Jusqu’ici, la stratégie de l’Union européenne envers les grands pollueurs ? Créer un marché européen du carbone, le système ETS. Chaque entreprise reçoit un plafond qui limite la quantité de gaz à effet de serre qu’elle peut émettre sous forme de quotas d’émissions échangeables sur un marché. Les entreprises qui restent sous le plafond peuvent vendre leurs quotas d’émission excédentaires à celles qui dépassent cette limite. Chaque année, l'UE réduit légèrement le volume de quotas d’émissions dans le but d'inciter les entreprises à devenir plus vertes. Mais ce système est un échec, car sa logique pousse finalement à investir dans des solutions à court terme en réduisant les investissements au strict nécessaire pour que le coût des quotas d’émissions n’augmente pas trop. Par exemple en économisant un peu d’énergie dans le processus de production pour ne pas devoir acheter de quotas de CO2 plutôt que d’investir dans une nouvelle manière de produire qui serait complètement décarbonée. Par contre, ce marché rapporte gros aux grands pollueurs qui font du chantage à la délocalisation pour recevoir des quotas gratuits. Ils peuvent ensuite les revendre pour obtenir des subsides publics inconditionnels pour leur transition verte. Comble du cynisme, pour des géants comme ArcelorMittal, fermer des usines et vendre les droits d’émissions de gaz à effet de serre non utilisés peut même rapporter gros. Depuis la création du marché en 2005, l’entreprise a tiré près de 2 milliards d’euros de la vente de quotas inutilisés. C’est alors « le pollueur qui est payé ». Le marché du carbone est aussi un nouveau terrain de chasse pour les traders. Un article récent du journal Le Monde révèle que 80 % des transactions sur le marché du carbone européen sont purement spéculatives. Une spéculation loin d’être anecdotique, puisque le marché du carbone européen a enregistré près de 700 milliards d’euros d’échanges en 2021.

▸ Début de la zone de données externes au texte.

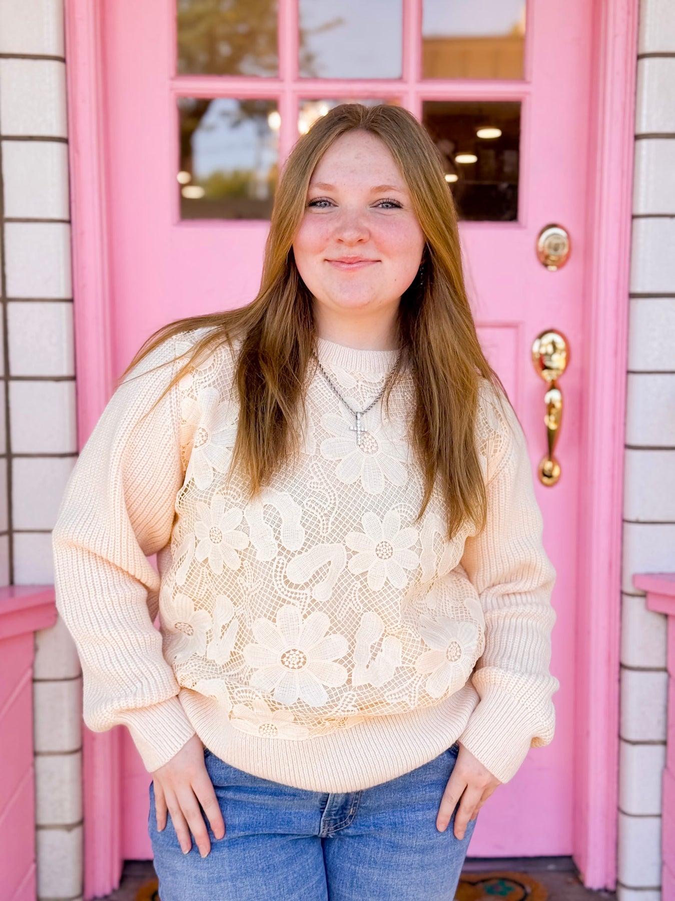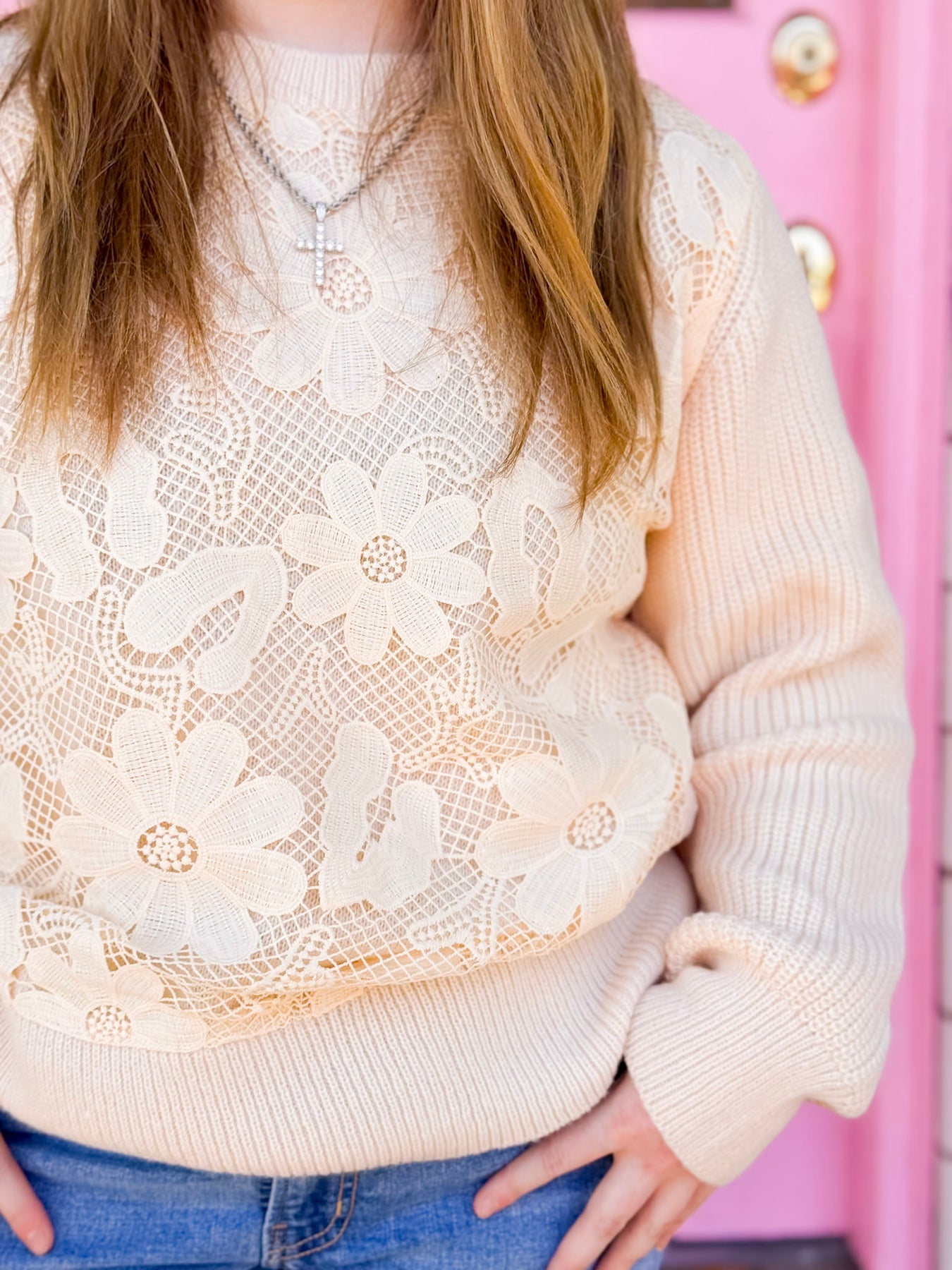 Long sleeves rib knit sweater top with front crochet contrast detail.

La révision du système ETS, votée au Parlement européen en 2022, n’a pas changé sa philosophie générale. Pire, l’allocation de quotas gratuits aux entreprises les plus polluantes reste en place jusqu’à 2032. Tous les partis traditionnels ont soutenu la mesure. Les multinationales se frottent les mains. Pourtant, rien qu’en 2022, l’Allemagne a accordé 1,7 milliards d’euros de subsides au secteur de l’extraction et de la production d’électricité à base de charbon, alors que 6 des 10 plus grands pollueurs de toute l’Union européenne sont actifs dans ce secteur. Et il a augmenté ses émissions de CO2 de 7 % en 2022 par rapport à l’année précédente. Subventionner les plus gros pollueurs européens est la garantie qu’ils ne changeront rien à leur manière de travailler, c’est l’exact inverse de ce qu’il faut faire.

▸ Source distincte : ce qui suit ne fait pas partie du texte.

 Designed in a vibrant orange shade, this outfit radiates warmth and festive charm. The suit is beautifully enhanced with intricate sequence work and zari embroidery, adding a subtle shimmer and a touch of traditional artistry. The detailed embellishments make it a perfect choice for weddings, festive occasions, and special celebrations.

Le marché ETS garde le soutien de l’ensemble des partis traditionnels mais aussi de la N-VA. Contrairement à eux, nous souhaitons en sortir au plus vite et le remplacer par des normes d’émission contraignantes et un pilotage public et démocratique de la transition industrielle, en fonction d’objectifs sociaux et climatiques. Comme nous l’avons fait pour vaincre les pluies acides ou le trou dans la couche d’ozone, nous voulons obliger les plus grands pollueurs à investir dans la transformation de leur outil. Les normes sociales et environnementales assureront le maintien et le développement de l’emploi.
L’énergie doit être un bien commun. Nous en avons besoin partout, tout le temps : pour se chauffer, se déplacer, manger, participer à des loisirs… Sauf que cette même énergie est retenue en otage par les grandes multinationales, à qui l’Union européenne a donné le plein contrôle. Aujourd’hui, le marché européen est dominé par sept multinationales : Engie, EDF, E.ON, Iberdrola, ENEL, Vatenfall et RWE. Elles tiennent l’économie et les citoyens dans leurs griffes. Au cours du premier semestre 2022, Engie a fait un bénéfice de pas moins de 3,2 milliards d’euros, soit plus de deux fois le bénéfice enregistré au cours de la même période l’an dernier. Résultat, ces multinationales ont tout le pouvoir sur les prix et sur l’approvisionnement de l’énergie.
L’Union européenne a créé volontairement un terreau très fertile à des situations comme celles que nous avons vécu, avec des prix qui flambent. Au moment de la signature du Traité de Maastricht, les États membres se sont accordés pour une ouverture à la concurrence de plusieurs secteurs, dont celui de l’énergie. Soutenus par toute la classe politique traditionnelle y compris socialiste et verts, ils ont engagé une vaste réforme du système et ont privatisé des entreprises historiquement publiques partout en Europe. Aujourd’hui, même l’infrastructure est laissée au privé. Dans le cadre du Pacte vert pour l'Europe, la Commission veut soutenir le déploiement des réseaux électriques en Europe. Mais pour y arriver, elle vise les partenariats publics-privés, mais surtout les subsides aux entreprises privées.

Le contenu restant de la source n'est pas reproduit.